Visit ASIAA Homepage Registration Deadline: January 31, 2019 (Taiwan Time)
Panchromatic Panoramic Studies of Galaxy Clusters: from HSC to PFS and ULTIMATE
March 11(Mon)-13(Wed), 2019
ASIAA, Taipei, Taiwan

Oral Presentation

The brightest UV-selected galaxies in protoclusters at z~4: Ancestors of Brightest Cluster Galaxies?
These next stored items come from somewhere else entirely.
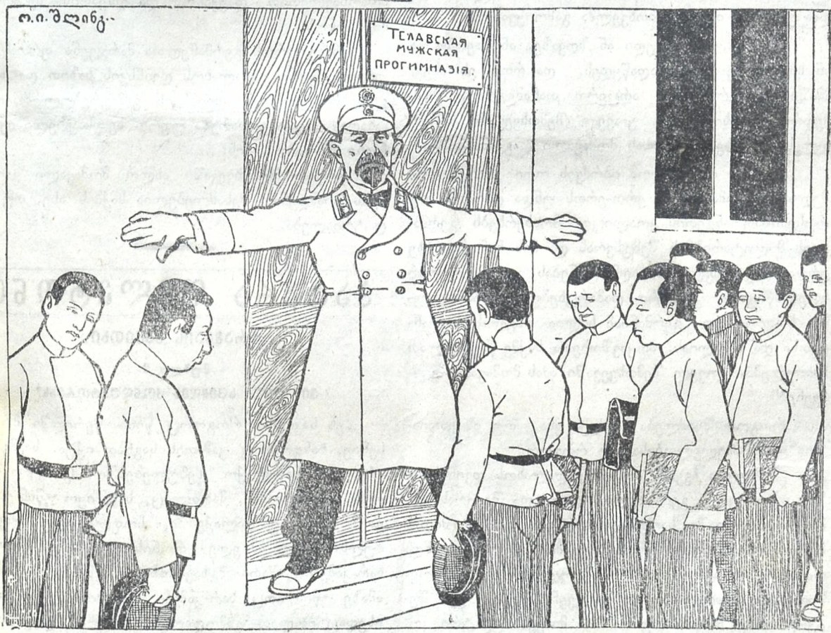
— რა საჭიროა თელავში მეშვიდე კლასი? ანაბანა ხომ ისწავლეთ და გეყოთ. ახლა თავისუფალი ხართ, გაისეირნეთ საითაც მოგეხალისოთ.

„თელავის პროგრამული მუშვიდე კლასი არაუგანისნება“. (გაზეთებიდან)
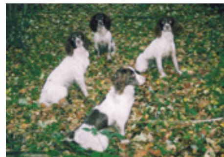
Berømte Birdrowe hunde, fra venstre Birdrowe Rosie, F.T.Ch. Cressett Melody of Birdrowe, Ir.F.T.Ch. Cressett Claret of Birdrowe og Int.F.T.Ch. Birdrowe Miss O'Lene.
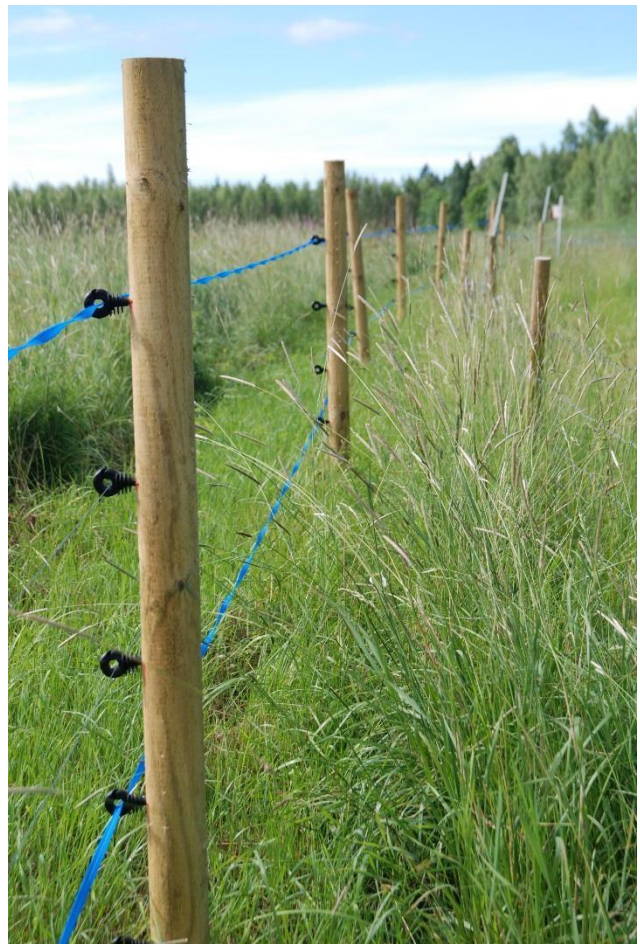
Kuva 4. Kasvillisuus on niitettävä riittävän leveältä alueelta, jotta heinä ei kaadu kasvaessaan aitalankojen päälle.

Mehiläistarhojen suojaamisessa sähköistetty aita toimii myös hyvin. Karhulle aidan korkeudeksi riittää noin metri, mutta alin lanka saa olla myös korkeintaan 20 cm korkeudella maasta. Lankoja tai aitanauhoja karhuaidassa on yleensä neljä noin 25-30 cm välein. Tarhaajan on Suomen riistakeskukselta aitoja saadaksesen oltava tukikelpoinen tuottaja, jolla
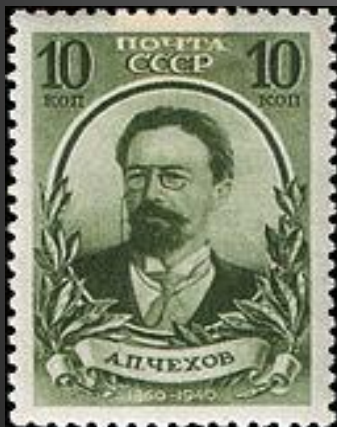
Почтовая марка СССР, 1940 год
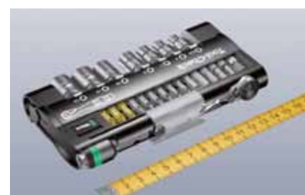
Tool-Check – 38 pièces sur 15 x 8 cm
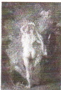
A. Watteau: Parisova volba

Základy barokního malířství položil Ital Caravaggio (1573–1610). Pro výtvarné umění baroka je charakteristické zobrazení niterných až extatických stavů, využití realistických motivů, kontrast světla a stínu. Caravaggio svým dílem ovlivnil nejen vlámského malíře Petera Paula Rubense (1577–1640) a holandského velikána výtvarného umění Rembrandta van Rijna (1606–1669), v jejichž obrazech vrcholí barokní malířství, ale také např. španělského malíře Diega Velázqueze (1599–1660), mistra portrétů.
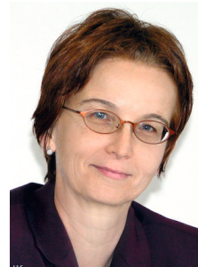
Ansprechpartnerin: Irmgard Forkel

Weitere Informationen erhalten Sie telefonisch unter 09221 605 79-0 und auf unserer Homepage unter www.peters-bg.de/kulmbach

Author(s): Kei Ito, Nobunari Kashikawa, Jun Toshikawa, Roderik Overzier, Masayuki Tanaka, Mariko Kubo, Takatoshi Shibuya, Shogo Ishikawa, Masafusa Onoue, Hisakazu Uchiyama, Yongming Liang, and Ryo, Higuchi

Presenter: Kei Ito (SOKENDAI/NAOJ)

The Brightest Cluster Galaxy (BCG) is the brightest galaxy in a galaxy cluster. In the nearby universe, BCGs are known to have distinct characteristics compared to other cluster galaxies and field galaxies and essential for understanding the environmental effect. Theoretical researches predict that most of the stellar mass is already formed at z~3 (De Lucia and Blaizot 2007); therefore, it is a key to find the progenitor of BCGs (proto-BCGs) at high-redshift in order to understand the formation of BCGs. However, it has been difficult to systematically study the high-z BCGs due to the small size of previous protocluster sample. Here, we report our survey of proto-BCGs candidates at z~4 by using Hyper Suprime-Cam Subaru Strategic Program (HSC-SSP). We are ongoing the largest survey of high-redshift protoclusters to date by using imaging data produced by HSC-SSP. We constructed a g-dropout galaxies catalog and found 179 protocluster candidates at z~4 (Toshikawa et al. 2018) over 121 square degrees. This number is roughly twenty times larger than any previous survey, enabling us, for the first time, to also construct a large sample of proto-BCGs. After removing contaminants (e.g., foreground galaxies or stars) which dominate bright-end, we identified 63 proto-BCGs candidates by 1) selecting the brightest member galaxy in each protocluster and 2) requiring the magnitude difference between the fifth and the first in a region is greater than 1.1 mag in i-band. Interestingly, proto-BCGs and members of protoclusters hosting proto-BCGs are found to be redder in (i-z), indicating that the dust extinction is more severe than that in field galaxies and members of protoclusters without proto-BCGs. We also compared the size of the stacked image of proto-BCGs and that of field galaxies, and the effective radius of proto-BCG is ~16% larger than that of field galaxies. In this presentation, we introduce these results and discuss the cause of these results and the BCG evolution.